Aim­mune's peanut al­ler­gy treat­ment could 'change prac­tice' — with safe­ty chal­lenges and a price any­thing but peanuts

Aim­mune Ther­a­peu­tics $AIMT has de­tailed the re­sults of its Phase III study of its peanut al­ler­gy ther­a­py known as AR101 in the New Eng­land Jour­nal of Med­i­cine in an ar­ti­cle — and in­de­pen­dent as­sess­ment — that will like­ly stoke its sup­port­ers as much as the skep­tics in the field. 

And once it is mar­ket­ed, if it gets that far, you can ex­pect a se­vere blow­back on the price, con­sid­er­ing this is a nat­ur­al byprod­uct that al­so has been used at the same dose that costs vir­tu­al­ly noth­ing to make — but wouldn’t have the same stamp of ap­proval that a prod­uct OK’d by the FDA would have.

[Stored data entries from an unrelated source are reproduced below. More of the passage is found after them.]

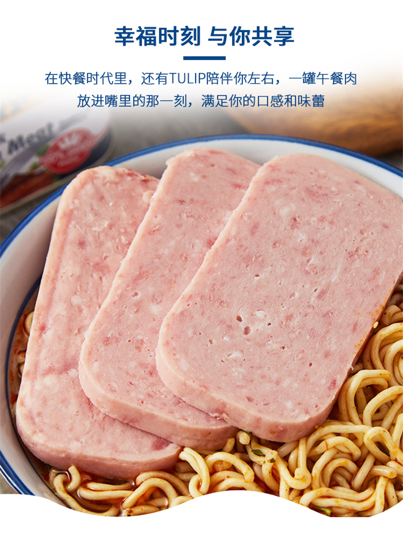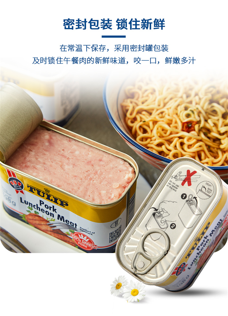 午餐肉选用丹麦本土猪肉制作,猪肉含量90%以上,肉质紧实有弹性,口感细腻有嚼劲,少盐不含味精,营养更健康。每头猪每罐肉都可追溯本源。严格遵守欧盟食品安全标准和BRC、IFS等国际权威食品安全标准,坚持自然风味,不含瘦肉精、不含激素、不使用抗生素防病及无杀虫剂、无重金属残留的四大安全质保,吃起来更放心
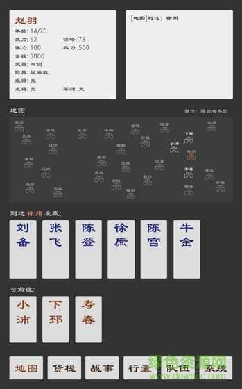 对了,有精铁剑,精致布衣(及以上)就可以全图逛了,打不足为虑(emmmmm,可能会被阴)和不堪一击,屯够10w金币就回东吴招鲁迅(600战力)和凌统(680战力)吧,有了这两位就基本上小无敌了(差不多还剩4-5年官渡吧,继续屯兵)
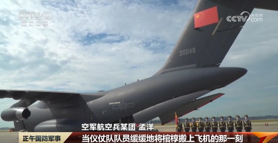 2022年9月,孟洋和機組成員駕駛運-20抵達韓國仁川機場,執(zhí)行接迎第九批在韓志愿軍烈士遺骸任務。
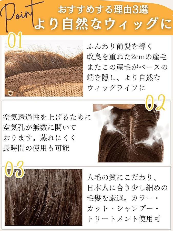 「高級人毛100%」 日本人の髪に馴染みやすい毛髪を採用
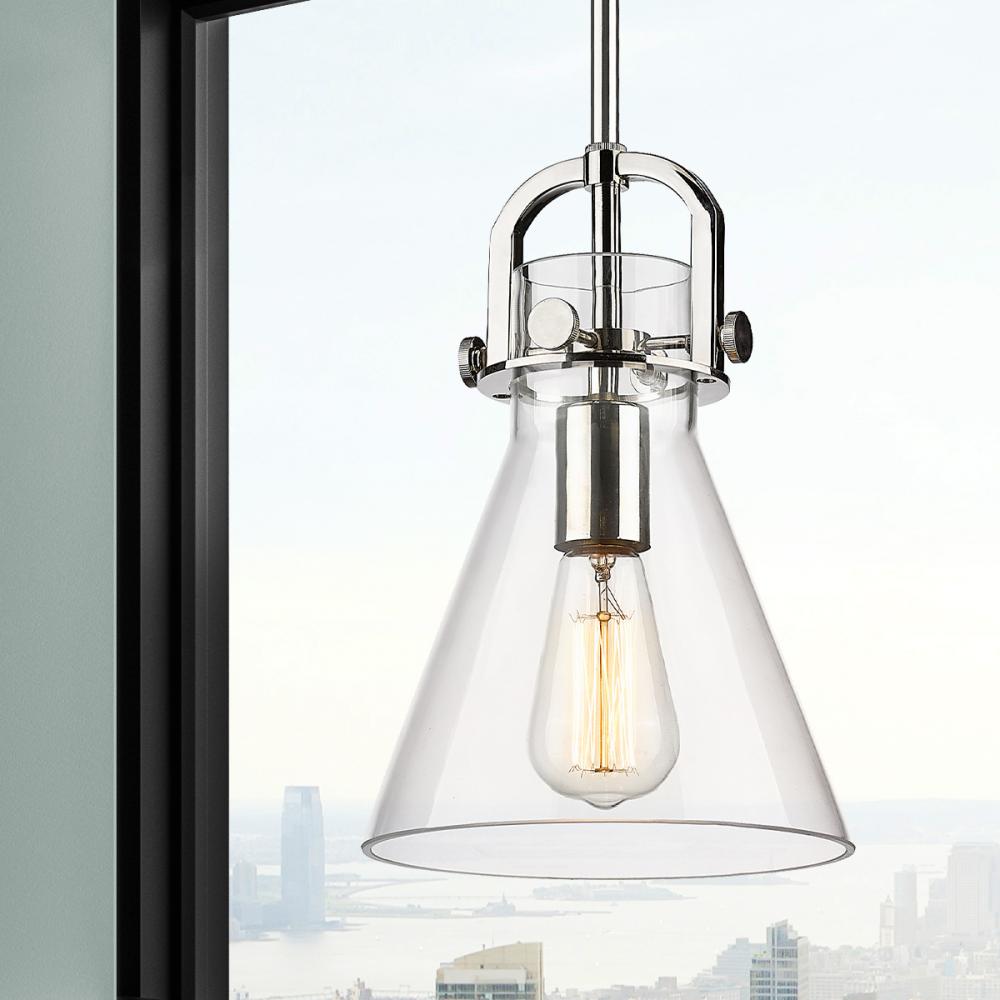 Newton Cone - 1 Light - 8 inch - Polished Nickel - Clear Shade - Mini Pendant
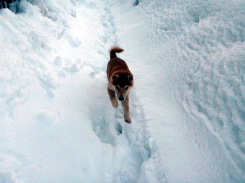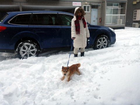 八戸道から東北道の一関までは、雪に降られ、ダイちゃんは車の後ろで、おとなしくしている。
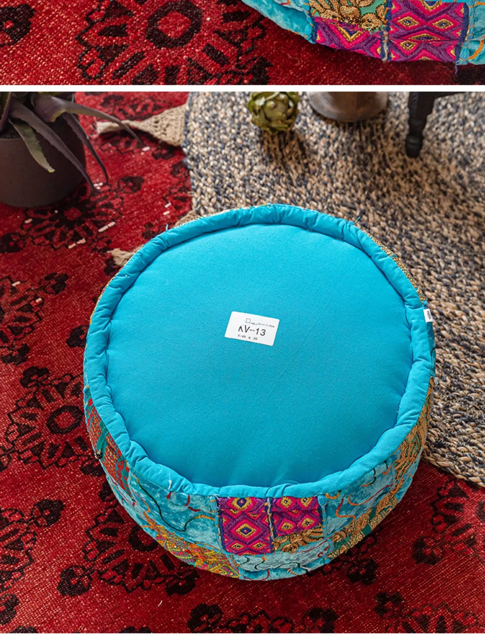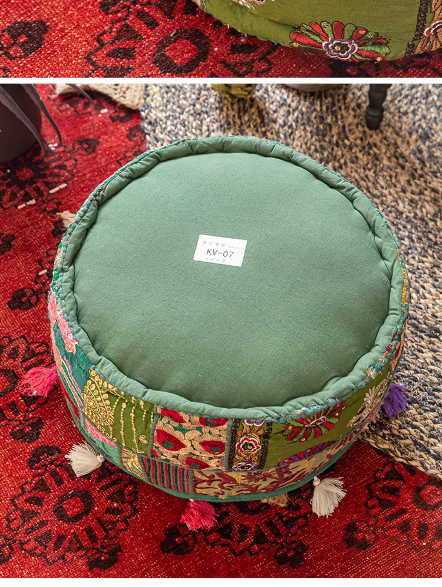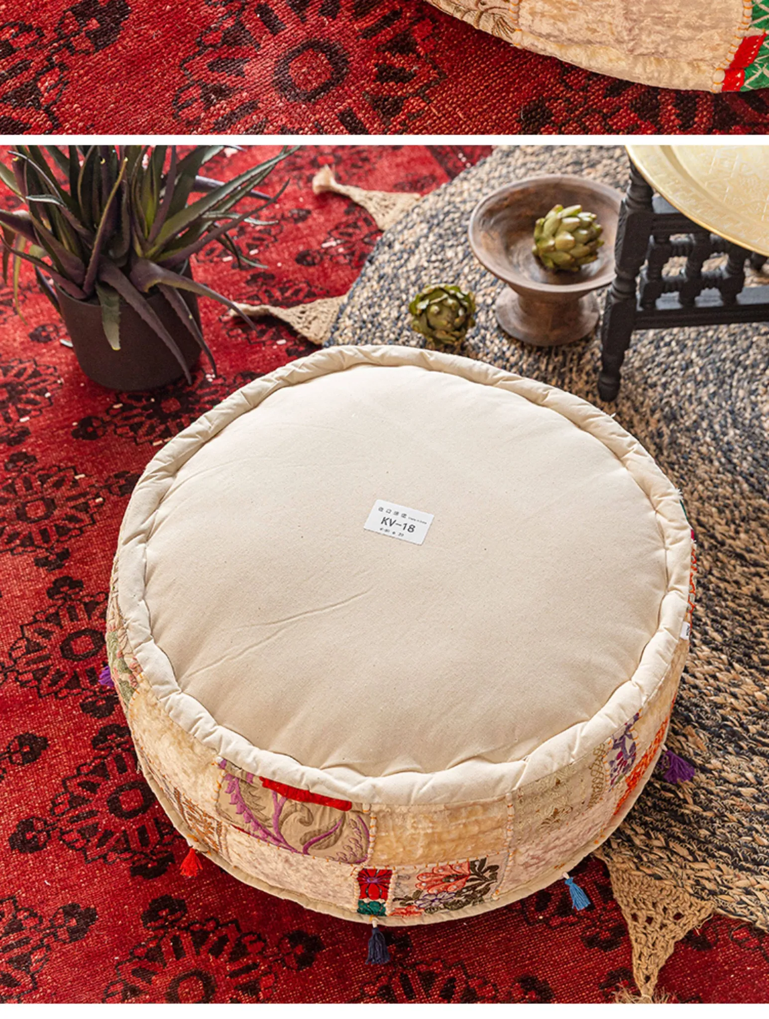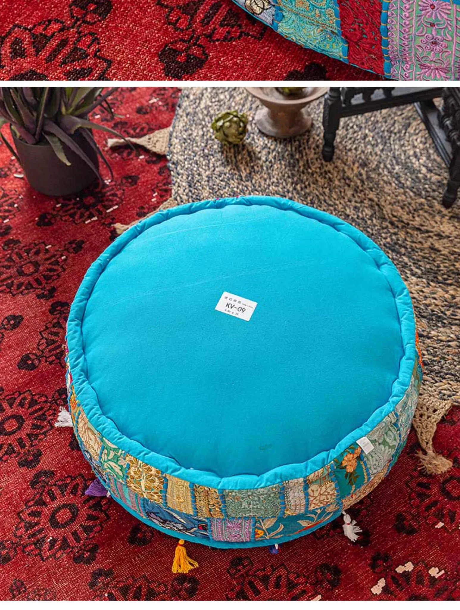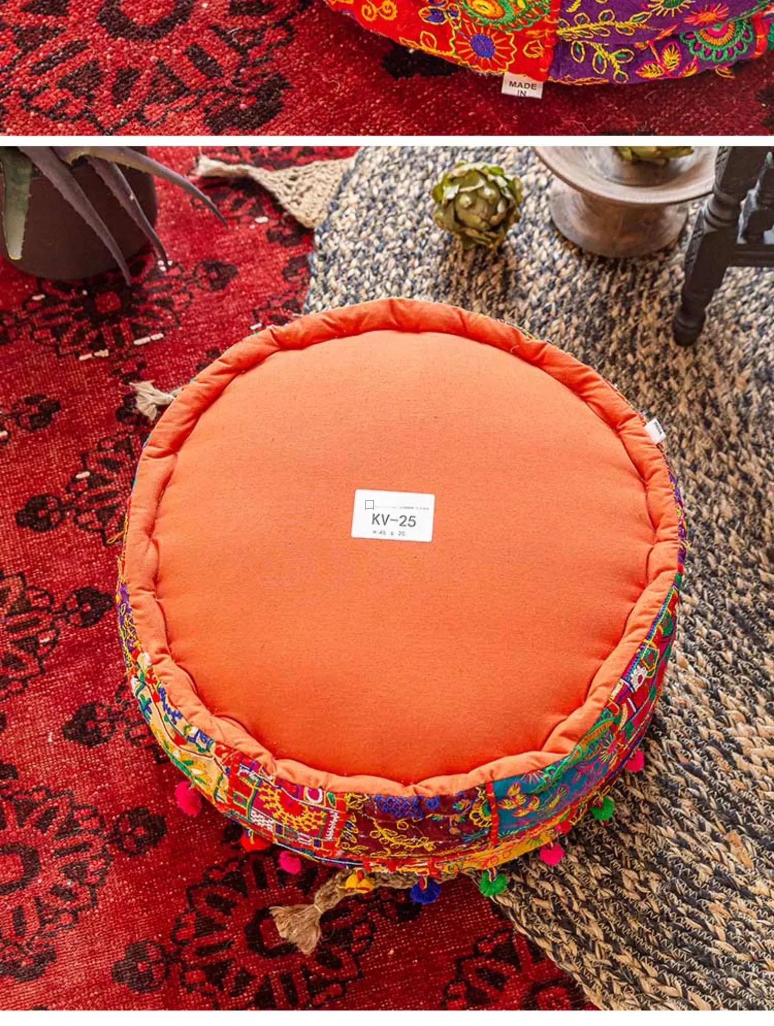 ビジュアルテイストの輸入手作り刺繍クッション、アメリカン民族風デザイン!タタミスタイルの座布団で、リビングやバルコニー、窓辺にぴったりのインテリアアイテムです。快適さとスタイルを両立させたおしゃれな一品をお見逃しなく!

On the bright side, the ar­ti­cle in the NE­JM un­der­scored that a dust­ing of care­ful­ly con­trolled 12% de­fat­ted peanut flour used in the treat­ment did help a broad swathe of 4- to 17-year-old al­ler­gic pa­tients in the study — two thirds to be ex­act — even­tu­al­ly tol­er­ate a dose of up to 4 peanuts with­out the se­vere and pos­si­bly life threat­en­ing re­ac­tion that they could nor­mal­ly ex­pect. That was true of on­ly 4% of place­bo group in the study.

A. Wes­ley Burks

A. Wes­ley Burks, the se­nior au­thor, said that the ther­a­py “could change prac­tice for peanut al­ler­gy.” And they’re just weeks away from fil­ing for an ap­proval at the FDA, with the EMA to fol­low next year.

Looked at in terms of ef­fi­ca­cy alone, their da­ta will get you through to an ap­proval and some high fives all around. But it’s not as sim­ple as that, with some big con­cerns about the na­ture of this prod­uct and the price tag that could make it a block­buster. Crit­ics didn’t over­look the fact that 11.6% of the pa­tients on AR101 dropped out of the study due to side ef­fects, com­pared to 2.4% in the place­bo arm.

Michael Perkin

“This is not some­thing to start at home,” notes Michael Perkin, one of the lead­ing spe­cial­ists in chil­dren’s al­ler­gies, in an in­de­pen­dent re­view of the NE­JM ar­ti­cle. “Ep­i­neph­rine was used by 14.0% of the par­tic­i­pants in the ac­tive-drug group as a re­sult of re­ac­tions to treat­ment. The longer-term side ef­fects of sus­tained con­sump­tion of an al­ler­gen to which the body has pro­duced IgE an­ti­bod­ies re­main un­known. Cur­rent think­ing has fo­cused on eosinophilic dis­ease, such as eosinophilic esophagi­tis, but sur­veil­lance and fol­low-up will be cru­cial.”

“The po­ten­tial mar­ket for these prod­ucts is be­lieved to be bil­lions of dol­lars,” adds Perkin. “It is per­haps salu­tary to con­sid­er that in the study con­duct­ed by the Cam­bridge group (which used a less pre­cise but equiv­a­lent 12% de­fat­ted peanut flour), chil­dren un­der­went de­sen­si­ti­za­tion with a bag of peanut flour cost­ing peanuts.”

The de­tails, and even the crit­i­cism, won’t help Paris-based DBV Tech­nolo­gies make its case for their ri­val al­ler­gy treat­ment, which failed a Phase III tri­al but is still bound to reg­u­la­tors.

Just days ago Nestlé Health Sci­ence upped its bet on Aim­mune Ther­a­peu­tics by $98 mil­lion, with its now $276 mil­lion stake in the com­pa­ny giv­ing it 19% of the biotech’s eq­ui­ty.